■ The problem ■
Copy word for word the line containing "Alle weiteren Infos" together with all lines following it to the end of the listing below, without the pictures.
□ □ □ □ □ □ □
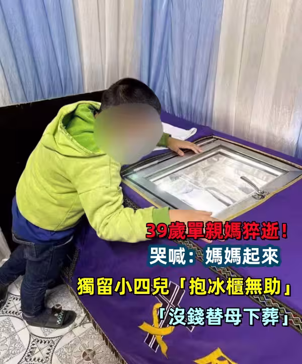 39歲單親媽猝逝!獨留小四兒「抱冰櫃無助」哭喊:媽媽起來,「沒錢替母下葬」
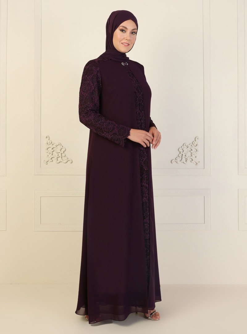 Sevdem Abiye Mor Dantel Detaylı Abiye Elbise
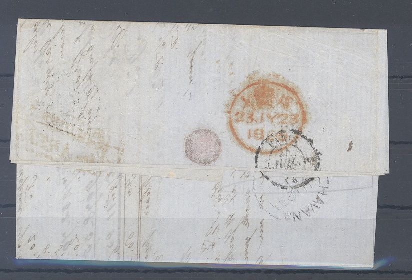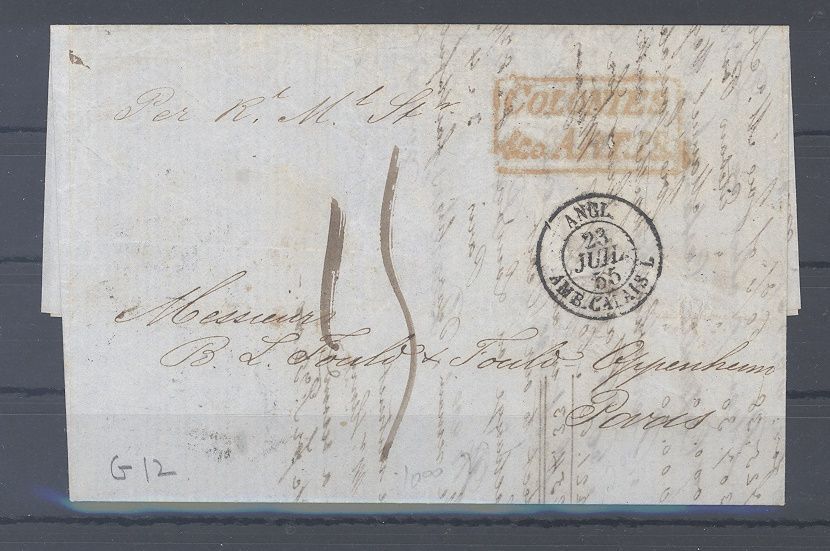 Frankreich, sauberer Brief aus dem Jahr 1855 mit rotem Zweizeiler Colonies nach Paris mit diversen rückseitigen Stempeln gelaufen. Selten einmal angeboten!
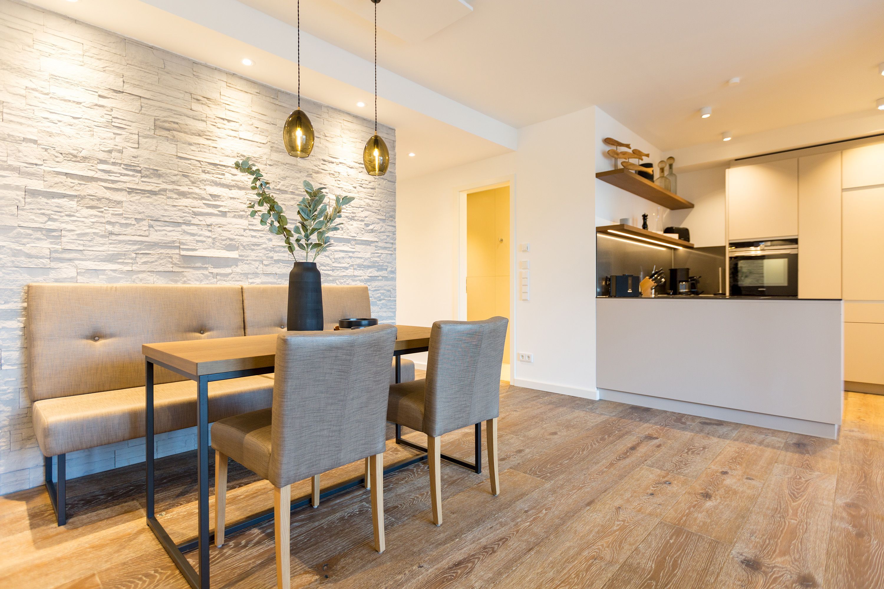 Modernes Wohndesign empfängt Sie auf den 53 Quadratmetern dieses wunderschönen Zwei-Zimmer-Appartements im 1. Stock des Beachhouses. Sie wünschen sich nichts sehnlicher, als einmal für ein paar Tage den Alltag hinter sich zu lassen, den Kopf auszuschalten, frische Meeresluft zu schnuppern und in einer Umgebung zu entspannen, die Ihnen neue Energie gibt? Für zwei Personen und ein geliebtes Haustier geht in diesem Urlaubsparadies dieser Wunsch in Erfüllung. Das gesamte Wohnkonzept ist aufeinander abgestimmt. Harmonie und Wohlfühlen steht an oberster Stelle. Hochwertige Möbel, Naturmaterialien, stylische Lampen und Accessoires hier ist alles exklusiv auf Ihr Wohlgefühl hin ausgerichtet: Vom Balkon (7 Quadratmeter) mit seitlichem Ostsee-Blick über das bequeme Sofa mit Blick auf das Flammenspiel des Gas-Kamins bis zum gemütlichen Essen am Esstisch. Das Wohnzimmer verfügt über einen Flat-TV und über eine Hi-Fi-Anlage mit Bluetooth-Funktion. Zum Wohnbereich gehört zudem eine offene Küche, in der es an nichts fehlt, was zum Kochen, Braten und Frühstücken benötigt wird. Hochwertige Markengeräte und edles Geschirr machen das Wirbeln darin zum Vergnügen. Ein echtes Vergnügen wird auch Ihr Schlaf werden. In dem komfortablen Boxspringdoppelbett (1,80 m x 2,00 m) werden Sie träumen wie auf Wolke 7. Und weckt Sie morgens das leise Rauschen der Ostsee, genießen Sie vom Balkon aus den Blick auf das morgendliche Glitzern der Wellen. Auch im Schlafzimmer befindet sich ein Flat-TV. Im Badezimmer wartet mit der Finnischen Sauna ein Highlight auf Sie. Wärmen Sie sich an kühlen Tagen oder Abenden darin auf. Zur Badausstattung gehört zudem eine Regendusche, ein Waschtisch mit beleuchtetem Spiegel und ein WC. In einem separaten Hauswirtschaftsraum können Sie im Wasch-Trockner Ihre Wäsche waschen. Bei Ankunft sind die Betten bezogen und Handtücher liegen bereit. Sie brauchen als nichts weiter zu tun, als anzukommen und zu entspannen. Das WLAN ist im Appartement kostenfrei. In der modernen Tiefgarage ist für Sie der Stellplatz Nr. 9 im Doppelparker oben (max. Höhe 2,00m, max. Länge 5,10 m, max. Breite 2,50 m, max. Last 2.600 kg) reserviert.
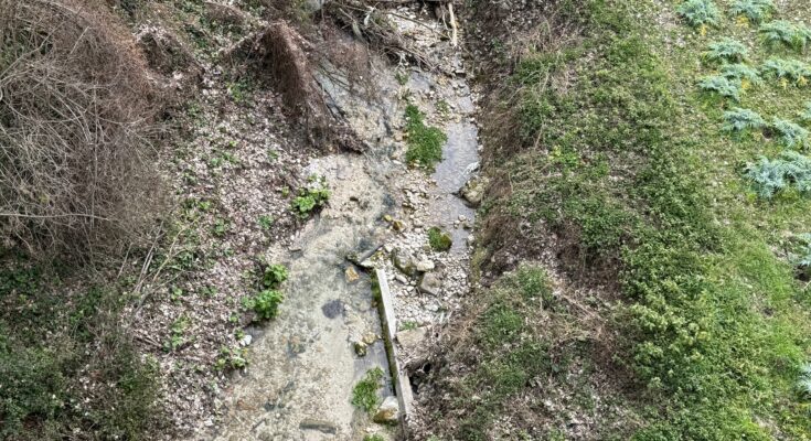 25FEBBRAIO 2024 – Neanche un ruscello: a questo si riduce il Vella e basta vederlo dal Ponte di San Panfilo. Eppure intorno a questo “fiume” è stato inventato un “parco”.
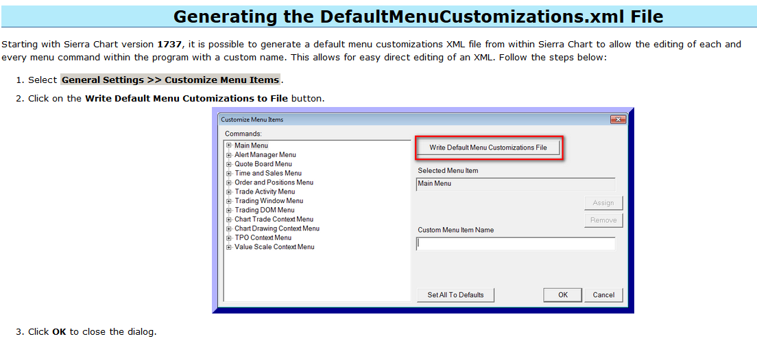 file uploaded (MenuCustomizations.xml), copied to the folder (C:\SierraChart), the problem remained.
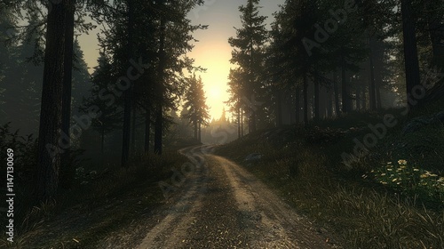 © Maerin Jofan, Obraz premium Serene forest path leading into a glowing sunset.
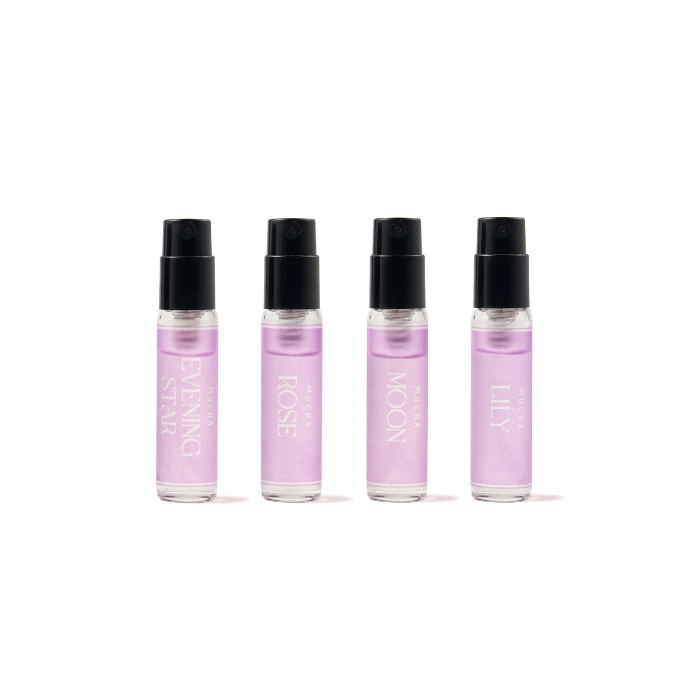 日常を少し特別に彩りたいとき、心を澄ませ静かに向き合いたいとき、花々や果実の余韻がそっと寄り添うフローラルノートを集めたオードトワレ4種のセット。
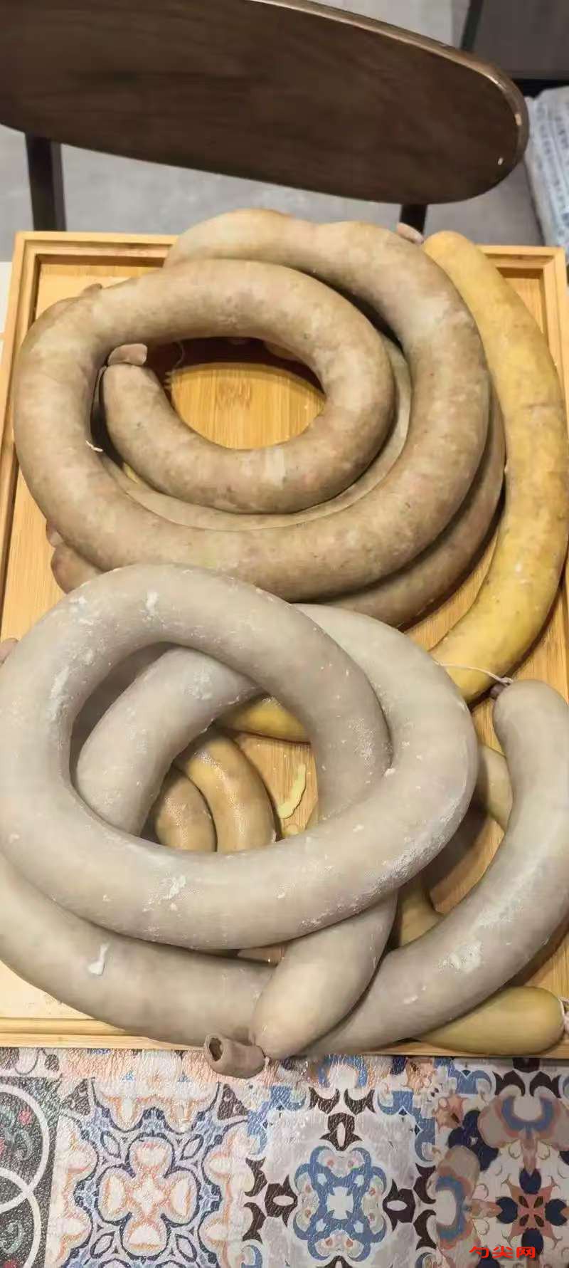 工藝:將30000克瘦牛肉剔除筋膜后切500克塊,冷水浸泡1小時去除血水后瀝干,10000克豬背膘切3毫米見方丁,溫水漂洗2次瀝干,牛肉塊用絞肉機絞成3毫米肉粒,與豬肥膘丁混合,加1200克食鹽揉搓10分鐘至肉色轉紅,400克富磷聯C用80克25℃溫水溶解后倒入肉料抓拌均勻,靜置30分鐘,白胡椒粉150克、蒜粉100克、葡萄糖200克、100克味達蕾901號混合成調味粉,分3次撒入肉料中翻拌均勻,每次翻拌至調料完全吸附后再加下一次,翻拌至肉料粘稠有彈性,將肉料轉入0-4℃冷庫腌制24小時,溫水泡軟腸衣后沖洗內部,用灌腸機將肉料灌入,每間隔15厘米結扎1節,用針板在腸體表面均勻打孔排氣,灌裝完成的色拉米腸放入65℃溫水中漂洗2分鐘,去除表面油污,香腸掛在晾曬架上,置于15℃、濕度75%環境下發酵48小時,至表面形成白色菌膜,發酵后的香腸移入烘房,50℃烘烤12小時,再轉60℃烘烤8小時,至腸體干爽有彈性,用牙簽插入無血水滲出即可
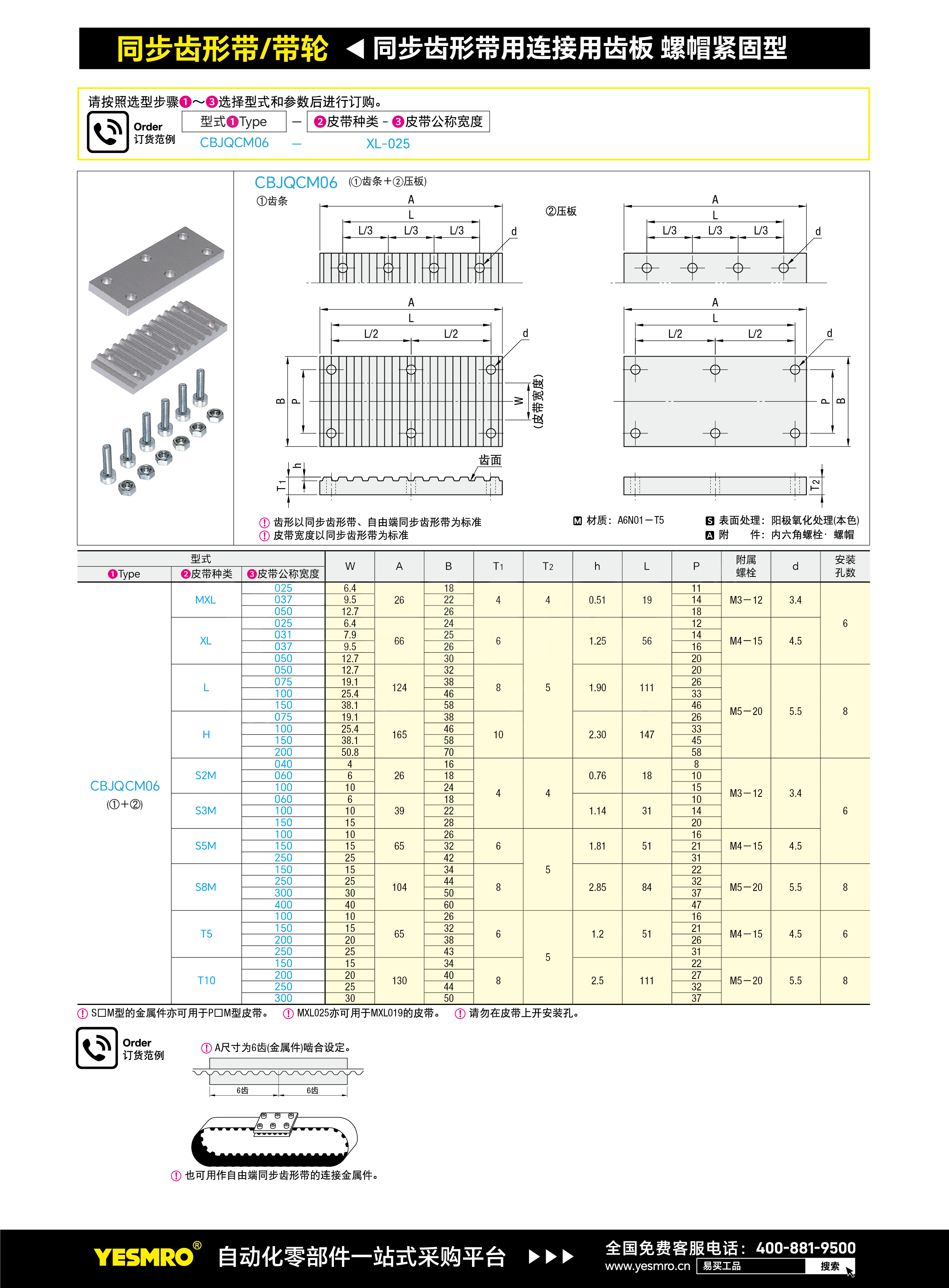 同步齿形带用连接用齿板 螺帽紧固型
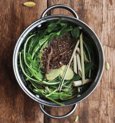 1. Bring the water to a boil and add the fresh greens and dried roots.
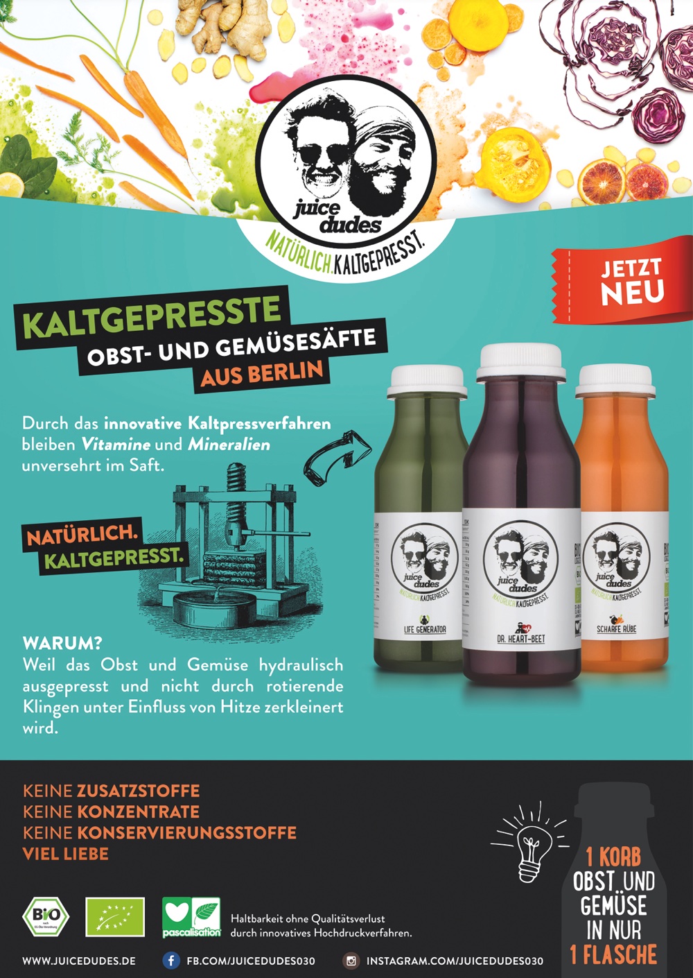 Alle weiteren Infos und Bestellmöglichkeiten findest du auf der Internetseite der Juice Dudes. Auch bei Facebook und Instagram sind die Juice Dudes zu finden.
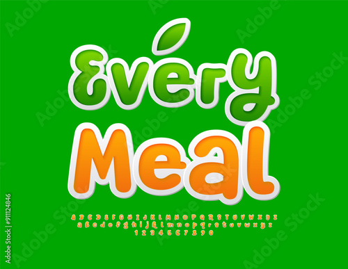 Vector healthy concept Every Meal. Funny Playful Font. Creative Alphabet Letters and Numbers set.
□ □ □ □ □ □ □
■ Written response ■
 Alle weiteren Infos und Bestellmöglichkeiten findest du auf der Internetseite der Juice Dudes. Auch bei Facebook und Instagram sind die Juice Dudes zu finden.
 Vector healthy concept Every Meal. Funny Playful Font. Creative Alphabet Letters and Numbers set.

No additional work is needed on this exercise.